What is an Attribution Tool?

The primary goal of attribution tools (or MTA tools) is to provide marketers with an out-of-the box, or semi-customized attribution tracking & modeling to help marketers understand how much credit should be given to each marketing touch-point. There are free or cheap attribution tools and software available like Google Attribution and Rockerbox. These entry level tools will provide a better attributed view of your marketing than using last touch. However, there are severe drawbacks to these tools. a) They are click based so if your site does not or cannot drop a cookie, you won’t see that person. b) Upper funnel impression based channels like YouTube, TV, Display and others are very difficult to account for. And c) walled ecosystems like Facebook, do not provide access to user or impression level data.

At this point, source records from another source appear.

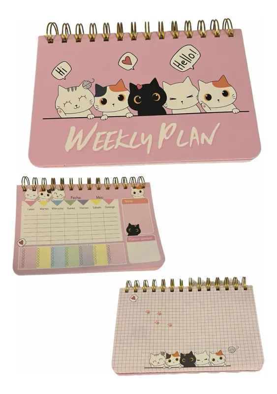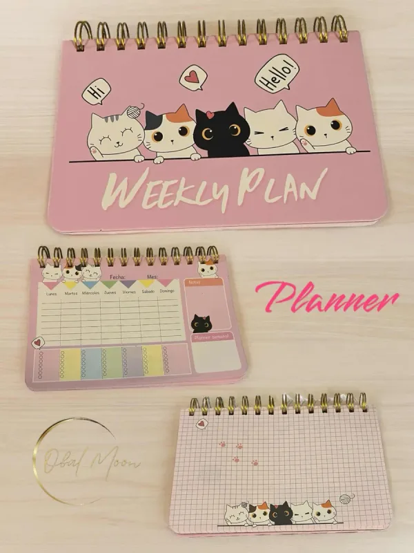 Obal Moon tiene para ti un bello Planner con espiral diseño Kawaii gatito, con una bella plana semanal para ordenar tus asuntos importantes y la otra con un diseño para destacar genéricamente.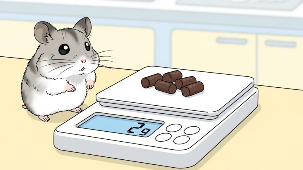 「だいたいこれくらいかな〜」っていう目分量は、ジャンガリアンにとっては結構リスキー。ペレット(ハムスター専用の固形フード)の種類によっても、1粒の重さが全然違うからね。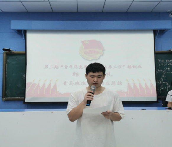最后,团委副书记李冬作总结讲话。他首先对顺利结业的青马班学员表示了热烈的祝贺,随后,对学员们提出三点希望:一是要胸怀祖国、志存高远、提升素质、锤炼品格,学好科学文化知识,重视自身综合素质能力的培养,时刻以青年马克思主义者的标准来衡量自己,用马克思主义中国化的最新成果武装自己。二是要学习贯彻习近平总书记的系列讲话精神,并以此不断鞭策自己,不断深化自我,持续推动自己成为社会主义的建设者和接班人。三是希望广大学员不辜负党对青年的热切关怀和殷切期望,牢固树立紧跟党走中国特色社会主义道路的坚定信念,在全体学生中充分发挥模范带头作用,以自身的优秀表现引领广大青年积极投身社会主义现代化建设和中华民族伟大复兴的实践当中。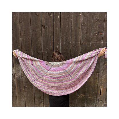 To begin, a few stitches only are cast on. Increases worked regularly are forming the crescent shape. As a plus, decorative increase lines are created. The main pattern is stockinette stitch (knit in right side rows, purl in wrong side rows).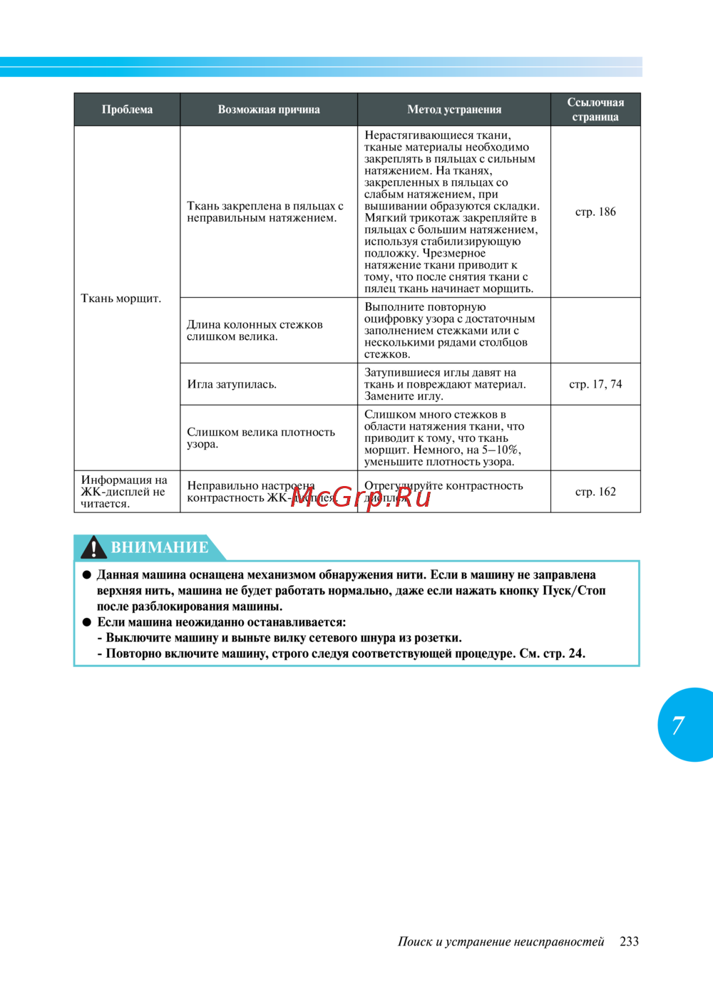 Brother PR-600IIC — поиск и устранение неисправностей при вышивании тканей [252]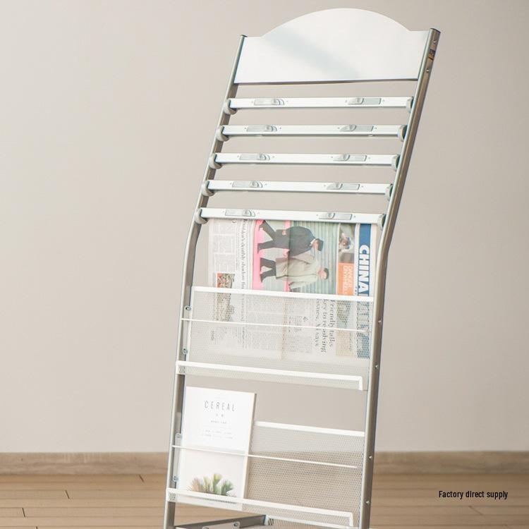 Floor-Standing Magazine, Newspaper, and Book Display Rack for Promotional Material and Office Storage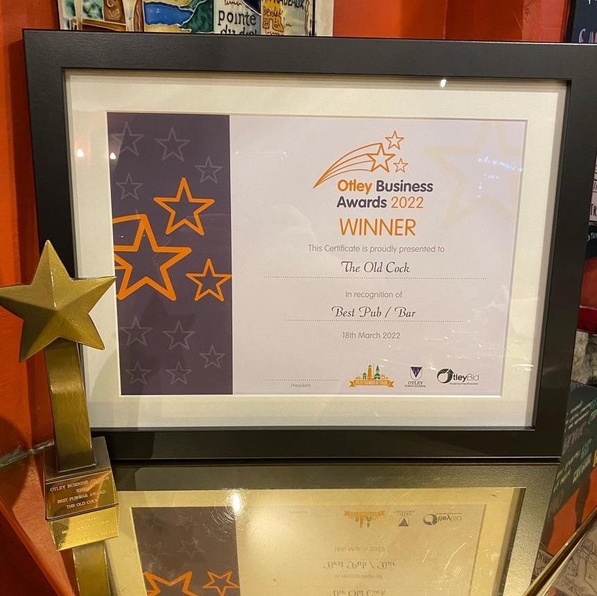 We were absolutely delighted last year to accept the award for “best pub or bar” at the Otley Business Awards.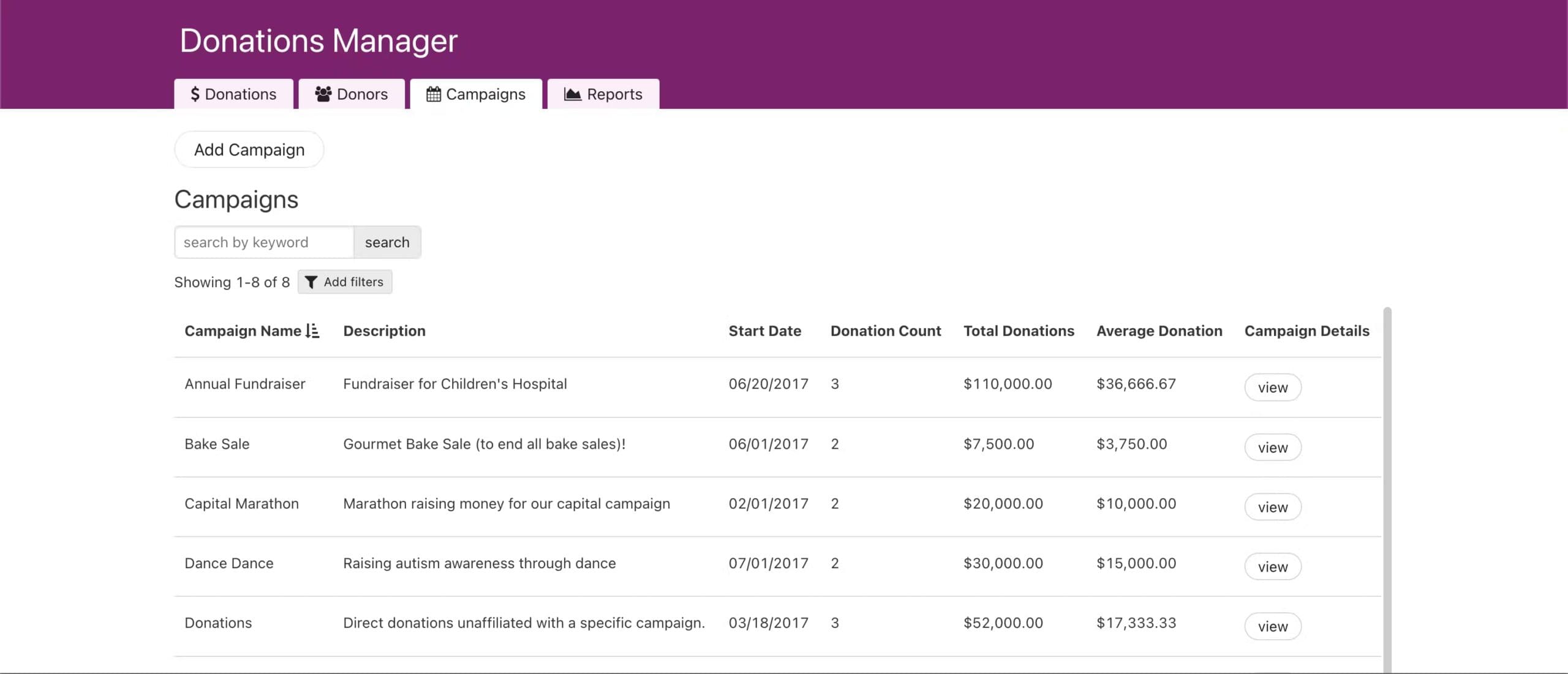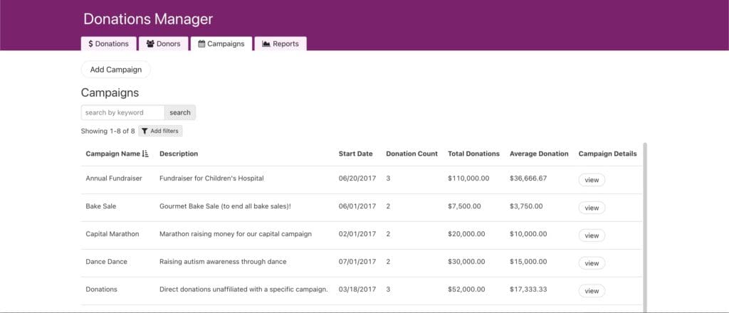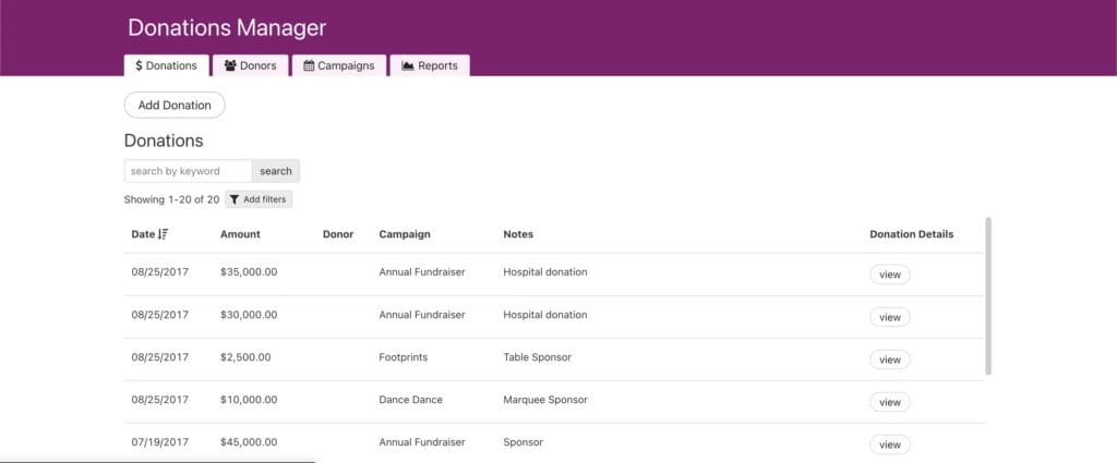 Donation management makes it easy to track your donations, donors, and campaigns.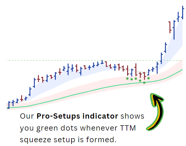 TTM Squeeze filter should not be used in isolation. Remember that the very purpose of this filter is to identify setups that are experiencing low volatility periods. To this, we have to add the probability of a stock to go up. Thus, we choose following filters: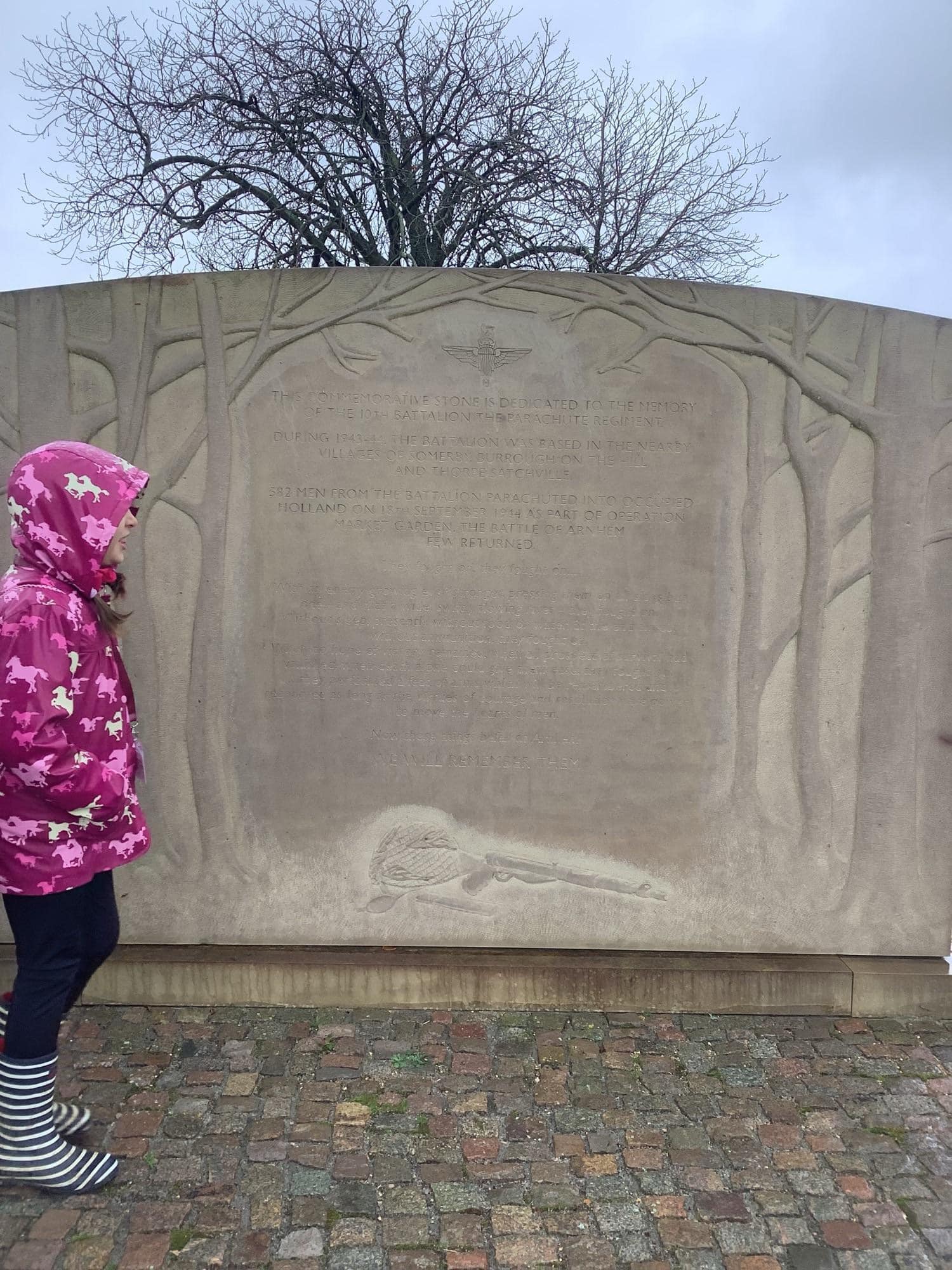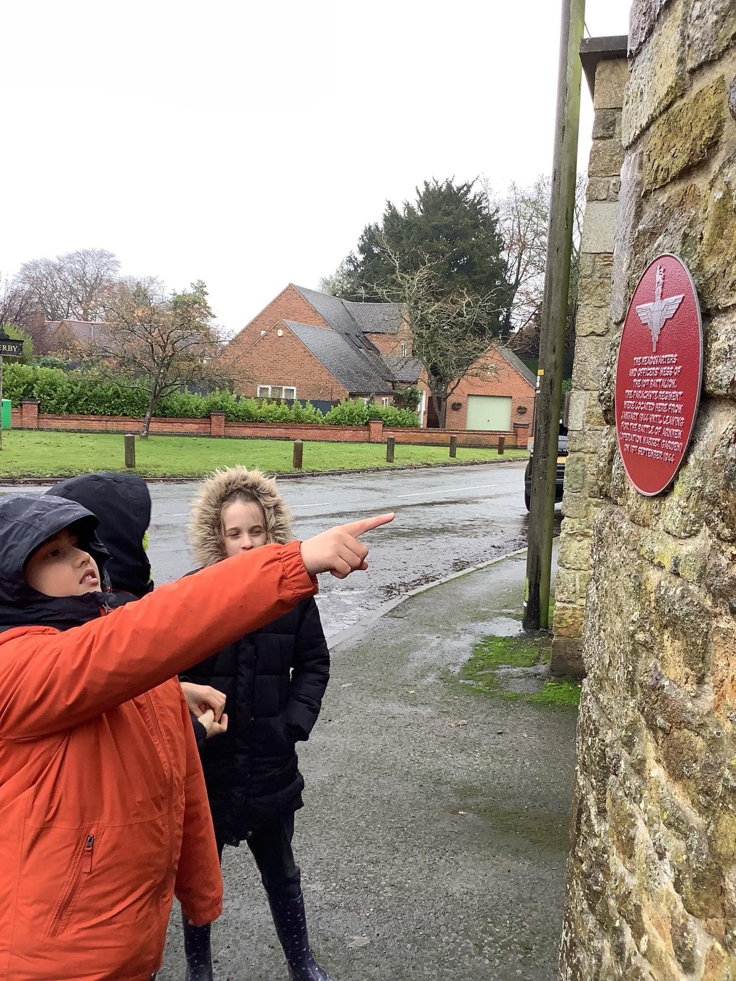 Wet and cold weather didn’t dampen their enthusiasm of exploring Somerby, spotting the maroon 10thBattalion plaques which mark places where the paras worked, stayed, and played. Again, pupils were encouraged to think about and imagine what life may have been like for the Paras, the Land Army Girls housed close by, as well as the villagers, who so generously, welcomed the Paras into their lives during the nine months they spent in the area.

Neustar MarketShare provides an enterprise level multi-touch attribution platform which encompasses a full suite of technology services designed to track, model and report against user level marketing data and provides consulting services to help interpret and use the data. While their offering is more comprehensive than the providers mentioned above, they are still subject to the same limitations. Where Neustar Marketshare does excel is in their Marketing Mix Modeling (MMM) and consulting practice. See What is Marketing Mix Modeling? for more on MMM.

Measured Marketing Attribution & Incrementality Measurement

For making more impactful decisions rooted in incrementality measurement, proven to be the most reliable and accurate way to measure marketing contribution, we have developed advanced methods to account for the limitations of MTA models.

One example of this is the ability to accurately measure marketing contribution within walled gardens because many of these platforms enable experimentation deliberately or coincidentally. This is fundamentally different than MTA. In platforms like Facebook it is possible to select and target audiences in randomized ways but target them differentially. This enables us to design experiments and test audiences for different marketing treatments. Incrementality measurement is a direct substitute for MTA and is very complimentary to MMM.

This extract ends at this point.